Work to complete → Below are records with pictures. Reproduce exactly the lines from the line with "COVINGTON — If" to the line with "Includes: Silver overlay", inclusive, and leave each picture out.

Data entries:
-- Opening Marker --
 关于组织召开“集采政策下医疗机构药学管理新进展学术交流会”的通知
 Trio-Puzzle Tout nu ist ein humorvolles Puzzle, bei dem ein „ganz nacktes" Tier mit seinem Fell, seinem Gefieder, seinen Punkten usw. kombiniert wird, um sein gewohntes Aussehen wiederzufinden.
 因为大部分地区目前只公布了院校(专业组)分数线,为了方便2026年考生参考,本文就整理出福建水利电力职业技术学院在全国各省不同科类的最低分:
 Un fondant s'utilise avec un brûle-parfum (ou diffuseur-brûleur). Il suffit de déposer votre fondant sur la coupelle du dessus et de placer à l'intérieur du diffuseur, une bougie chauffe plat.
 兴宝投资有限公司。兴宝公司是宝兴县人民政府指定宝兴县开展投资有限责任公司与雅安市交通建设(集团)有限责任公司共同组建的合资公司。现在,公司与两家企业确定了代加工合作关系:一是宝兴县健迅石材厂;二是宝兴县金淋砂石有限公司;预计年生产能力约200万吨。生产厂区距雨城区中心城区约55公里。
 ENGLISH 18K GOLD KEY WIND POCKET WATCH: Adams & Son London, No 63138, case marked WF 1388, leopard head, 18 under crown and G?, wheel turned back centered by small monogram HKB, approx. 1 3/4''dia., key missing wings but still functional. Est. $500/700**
-- Closing Marker --
-- Opening Marker --
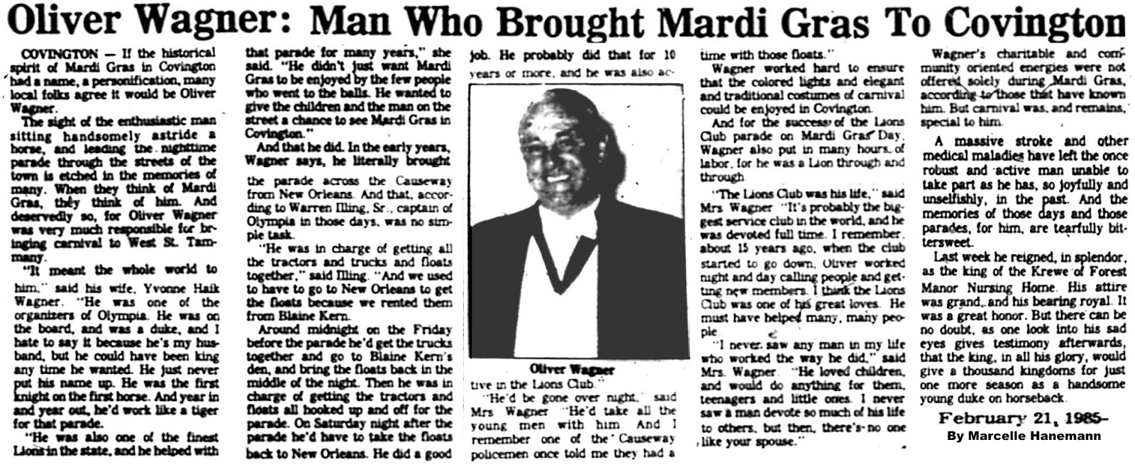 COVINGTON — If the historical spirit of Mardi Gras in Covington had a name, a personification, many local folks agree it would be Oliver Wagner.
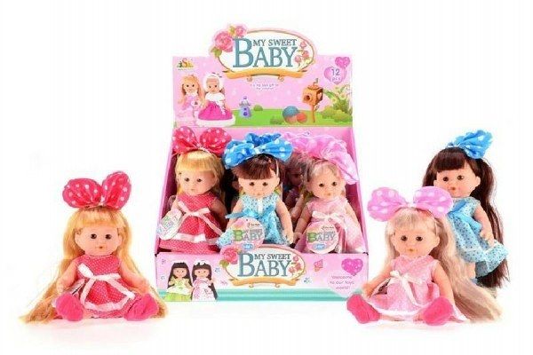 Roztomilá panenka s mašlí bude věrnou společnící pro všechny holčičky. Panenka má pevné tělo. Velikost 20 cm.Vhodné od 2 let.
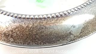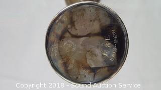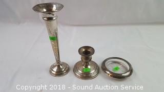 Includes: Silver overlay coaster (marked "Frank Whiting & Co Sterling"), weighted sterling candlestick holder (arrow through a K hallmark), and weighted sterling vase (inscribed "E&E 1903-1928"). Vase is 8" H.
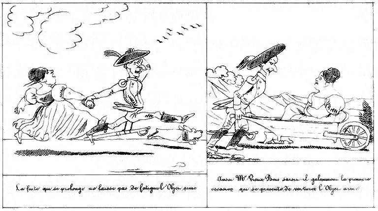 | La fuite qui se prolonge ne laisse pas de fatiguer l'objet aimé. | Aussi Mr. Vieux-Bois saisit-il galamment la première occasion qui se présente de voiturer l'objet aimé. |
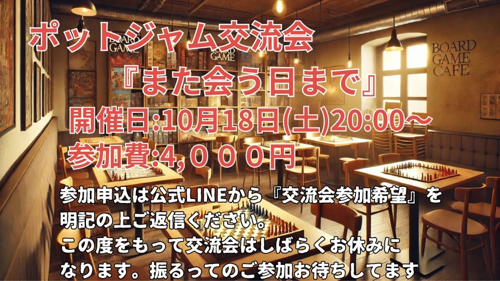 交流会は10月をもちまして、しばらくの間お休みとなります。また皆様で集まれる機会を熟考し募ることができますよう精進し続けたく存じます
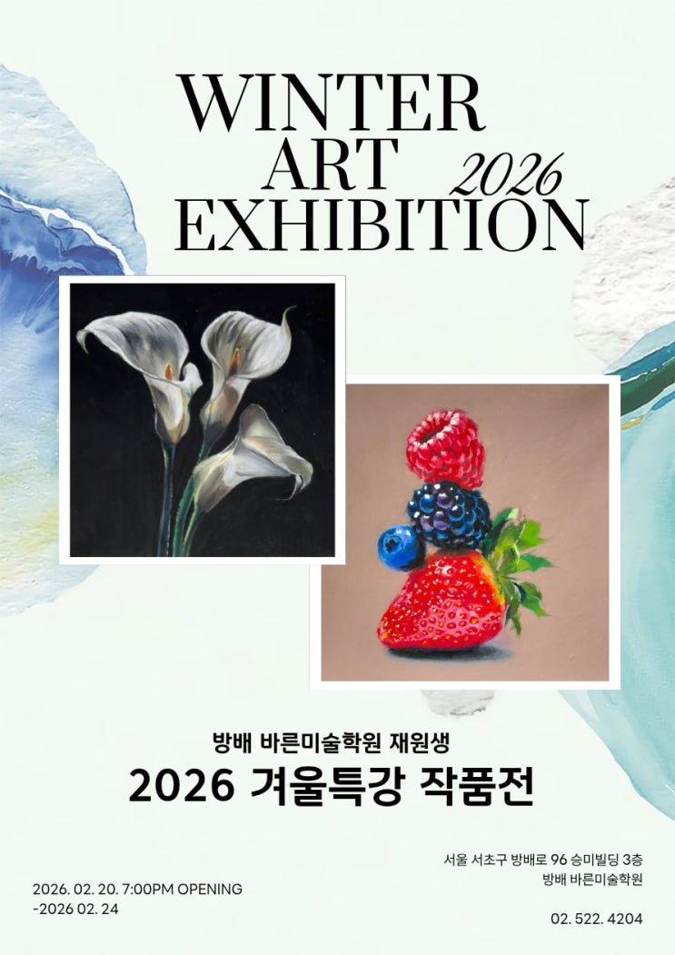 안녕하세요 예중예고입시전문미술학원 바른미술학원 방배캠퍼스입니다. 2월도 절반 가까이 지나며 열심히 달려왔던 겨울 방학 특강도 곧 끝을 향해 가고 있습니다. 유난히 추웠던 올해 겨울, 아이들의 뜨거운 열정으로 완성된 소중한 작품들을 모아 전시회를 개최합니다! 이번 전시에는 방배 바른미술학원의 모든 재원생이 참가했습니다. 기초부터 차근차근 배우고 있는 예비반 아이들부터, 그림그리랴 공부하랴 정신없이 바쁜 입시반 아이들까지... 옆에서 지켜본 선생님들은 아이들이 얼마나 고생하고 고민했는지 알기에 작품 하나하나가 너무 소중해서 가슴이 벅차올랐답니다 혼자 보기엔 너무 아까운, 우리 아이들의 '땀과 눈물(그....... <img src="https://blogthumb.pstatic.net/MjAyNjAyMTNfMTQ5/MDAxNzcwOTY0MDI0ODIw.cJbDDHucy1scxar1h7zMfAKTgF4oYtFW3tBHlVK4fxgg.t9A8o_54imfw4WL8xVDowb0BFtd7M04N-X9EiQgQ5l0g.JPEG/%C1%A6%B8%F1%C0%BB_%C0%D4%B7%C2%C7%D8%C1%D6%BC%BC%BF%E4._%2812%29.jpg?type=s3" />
-- Closing Marker --
Task output →
 COVINGTON — If the historical spirit of Mardi Gras in Covington had a name, a personification, many local folks agree it would be Oliver Wagner.
 Roztomilá panenka s mašlí bude věrnou společnící pro všechny holčičky. Panenka má pevné tělo. Velikost 20 cm.Vhodné od 2 let.
 Includes: Silver overlay coaster (marked "Frank Whiting & Co Sterling"), weighted sterling candlestick holder (arrow through a K hallmark), and weighted sterling vase (inscribed "E&E 1903-1928"). Vase is 8" H.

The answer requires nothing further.